__Goal of the exercise__:
In full and exactly, reproduce the entries below, but omit the pictures.

__Excerpted data__:

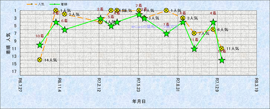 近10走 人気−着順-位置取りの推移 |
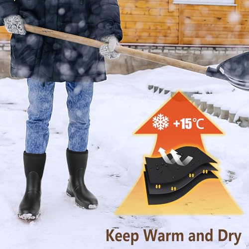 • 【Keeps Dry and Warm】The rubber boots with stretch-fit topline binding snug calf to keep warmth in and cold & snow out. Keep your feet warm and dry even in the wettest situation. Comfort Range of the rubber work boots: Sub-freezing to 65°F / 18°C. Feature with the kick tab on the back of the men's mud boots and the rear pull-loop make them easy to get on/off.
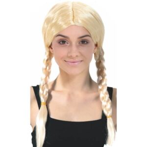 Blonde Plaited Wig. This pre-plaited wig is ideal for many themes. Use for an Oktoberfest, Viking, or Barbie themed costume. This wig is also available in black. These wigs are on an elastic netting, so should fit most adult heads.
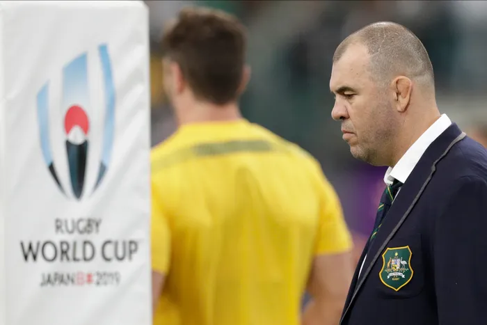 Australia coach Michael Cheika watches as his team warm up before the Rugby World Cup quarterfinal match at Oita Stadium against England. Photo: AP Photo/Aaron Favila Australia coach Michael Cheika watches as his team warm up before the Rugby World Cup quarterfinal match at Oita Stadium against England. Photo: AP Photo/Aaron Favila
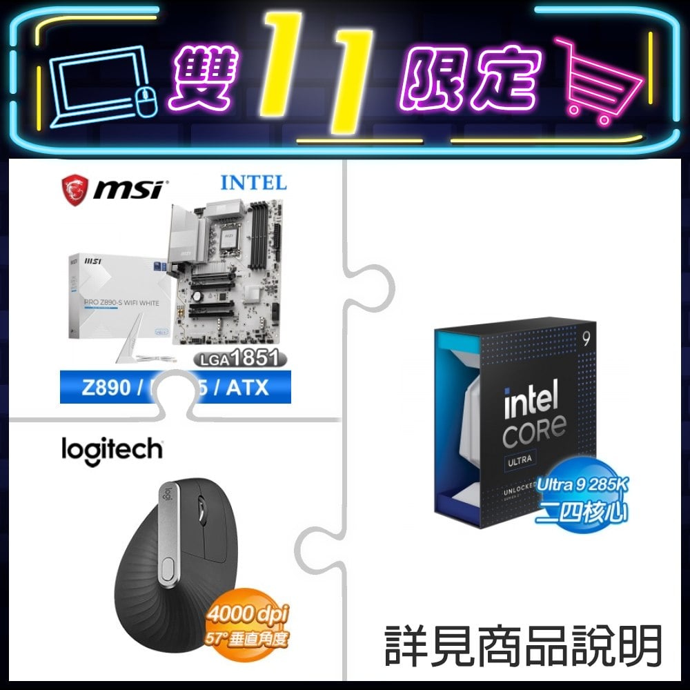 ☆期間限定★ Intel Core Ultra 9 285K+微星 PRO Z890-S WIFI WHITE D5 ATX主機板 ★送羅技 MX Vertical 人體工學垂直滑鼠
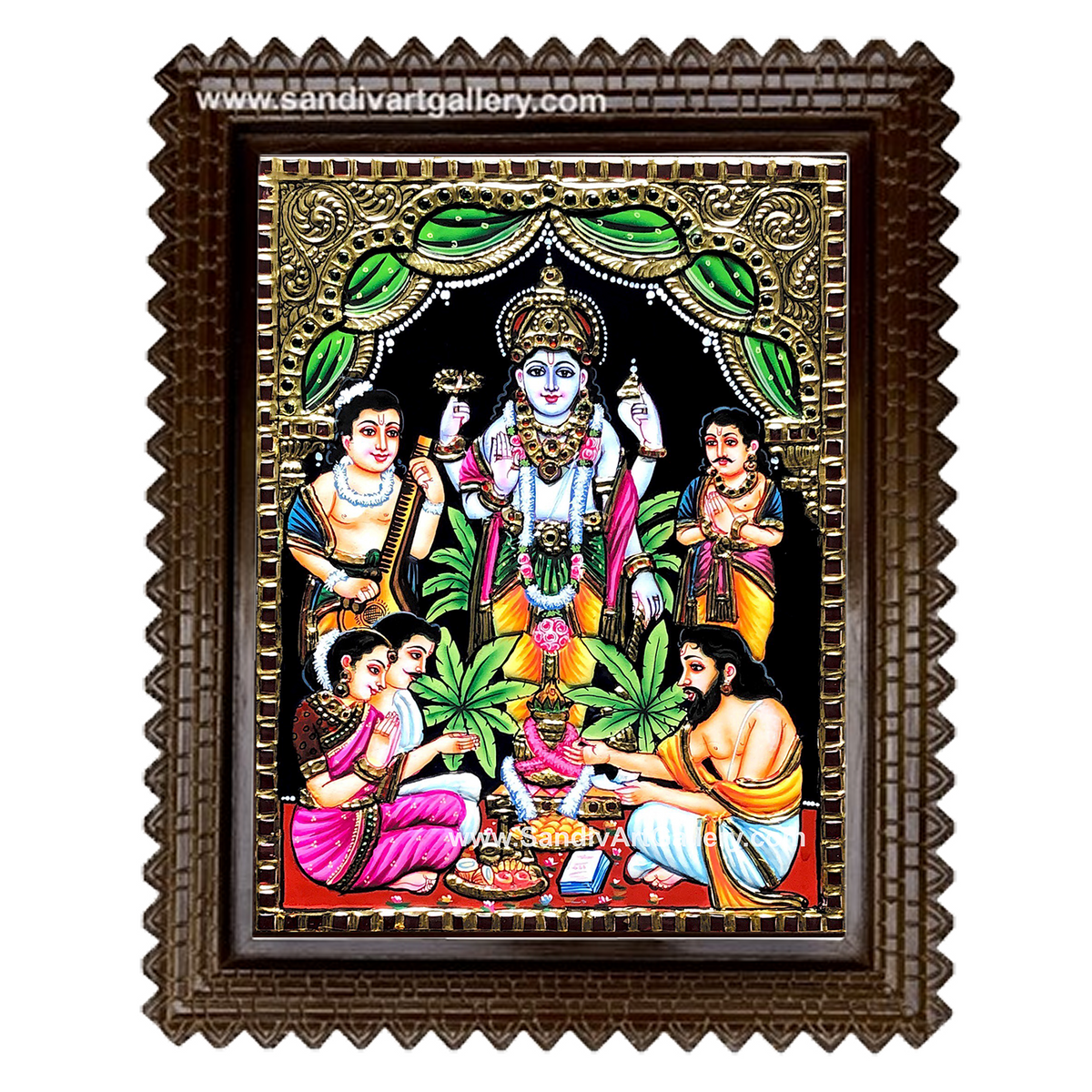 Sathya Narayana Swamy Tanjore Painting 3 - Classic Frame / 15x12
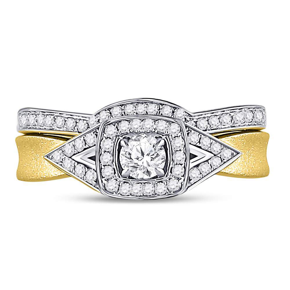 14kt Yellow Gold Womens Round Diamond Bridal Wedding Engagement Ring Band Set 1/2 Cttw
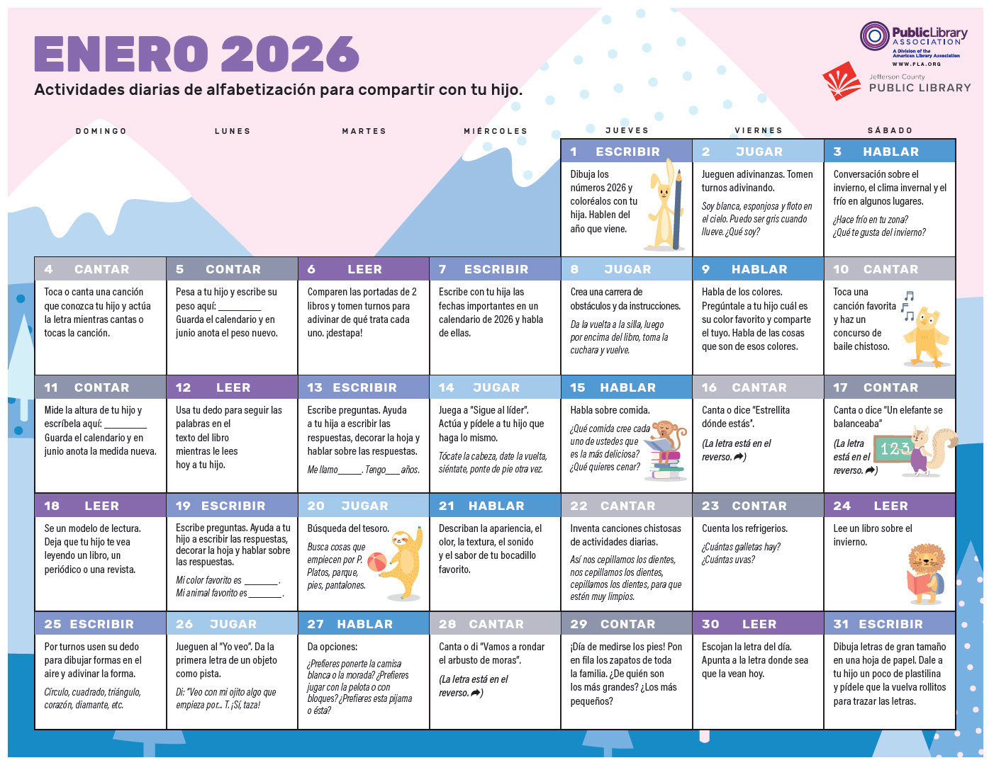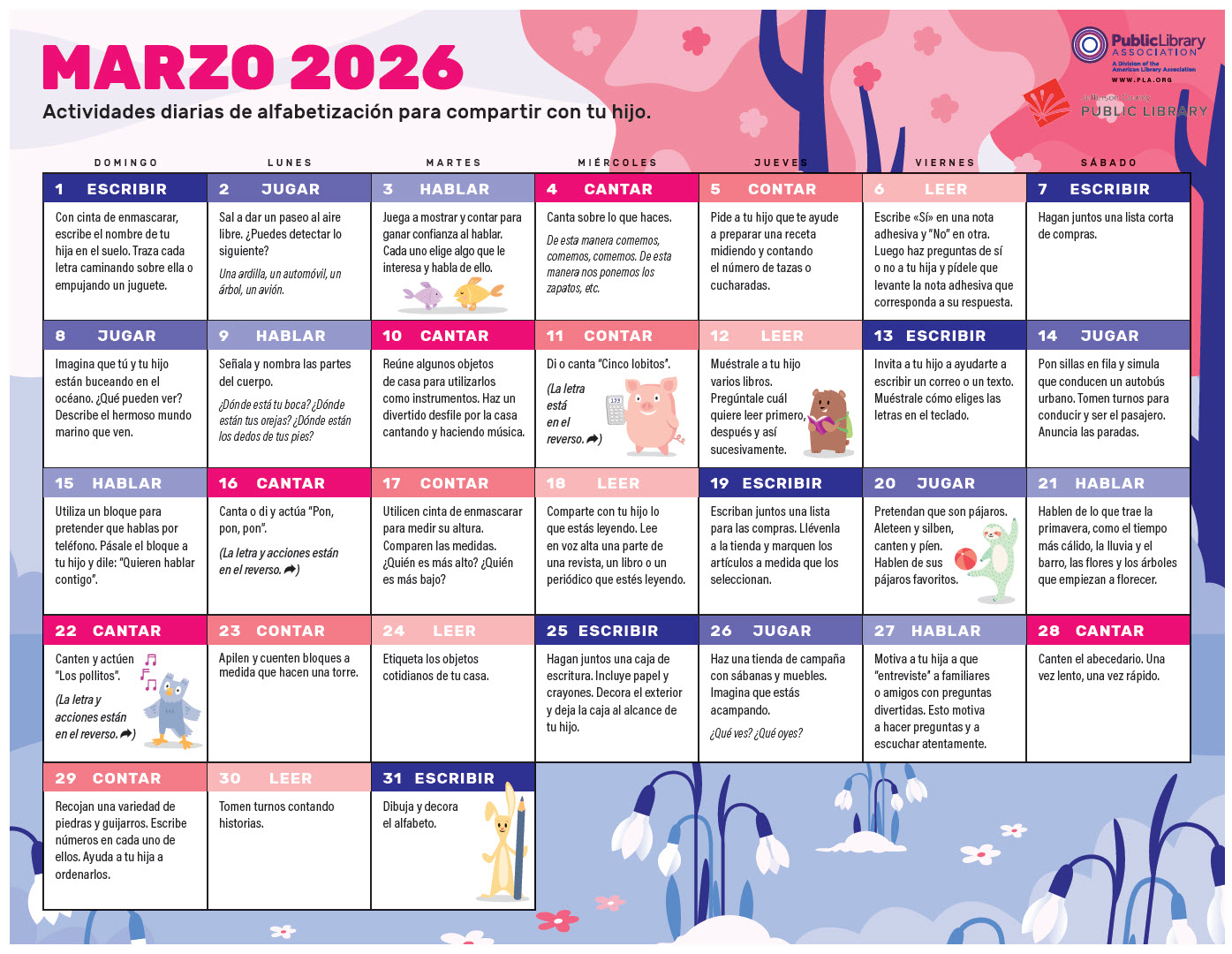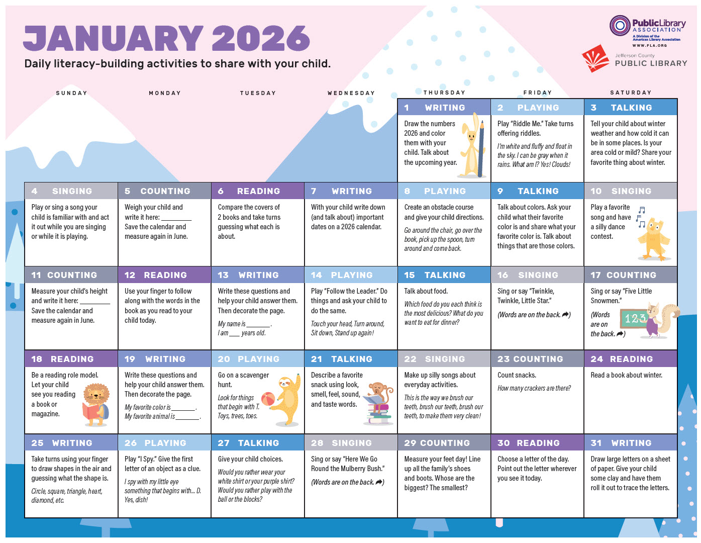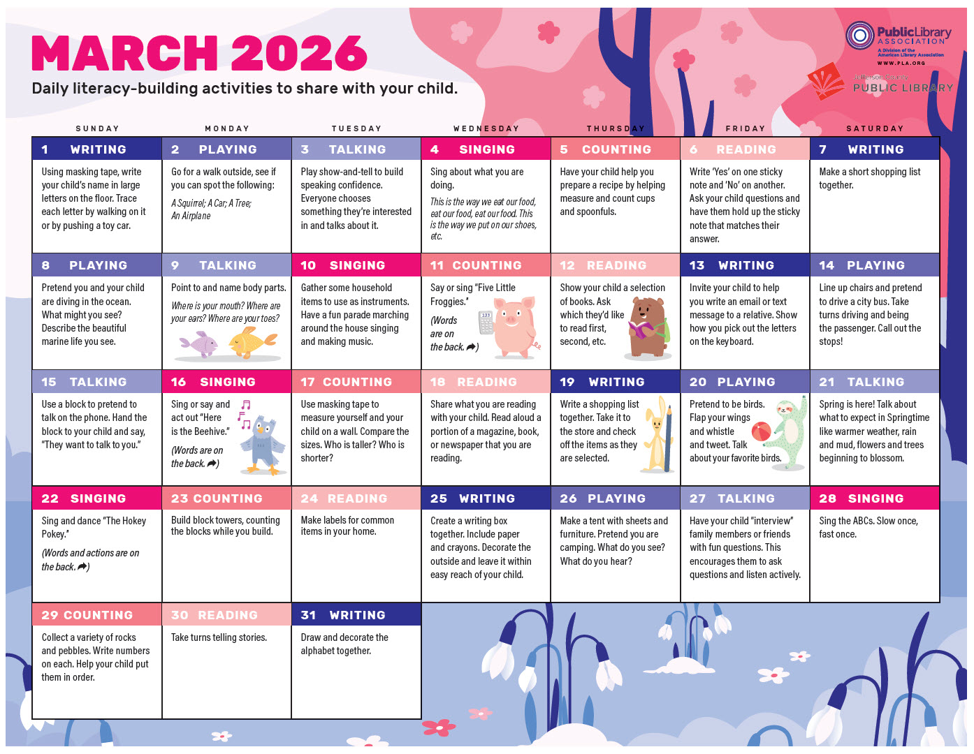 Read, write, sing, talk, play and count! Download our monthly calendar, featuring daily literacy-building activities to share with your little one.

__Answer section__:
 近10走 人気−着順-位置取りの推移 |
 • 【Keeps Dry and Warm】The rubber boots with stretch-fit topline binding snug calf to keep warmth in and cold & snow out. Keep your feet warm and dry even in the wettest situation. Comfort Range of the rubber work boots: Sub-freezing to 65°F / 18°C. Feature with the kick tab on the back of the men's mud boots and the rear pull-loop make them easy to get on/off.
 Blonde Plaited Wig. This pre-plaited wig is ideal for many themes. Use for an Oktoberfest, Viking, or Barbie themed costume. This wig is also available in black. These wigs are on an elastic netting, so should fit most adult heads.
 Australia coach Michael Cheika watches as his team warm up before the Rugby World Cup quarterfinal match at Oita Stadium against England. Photo: AP Photo/Aaron Favila Australia coach Michael Cheika watches as his team warm up before the Rugby World Cup quarterfinal match at Oita Stadium against England. Photo: AP Photo/Aaron Favila
 ☆期間限定★ Intel Core Ultra 9 285K+微星 PRO Z890-S WIFI WHITE D5 ATX主機板 ★送羅技 MX Vertical 人體工學垂直滑鼠
 Sathya Narayana Swamy Tanjore Painting 3 - Classic Frame / 15x12
 14kt Yellow Gold Womens Round Diamond Bridal Wedding Engagement Ring Band Set 1/2 Cttw
 Read, write, sing, talk, play and count! Download our monthly calendar, featuring daily literacy-building activities to share with your little one.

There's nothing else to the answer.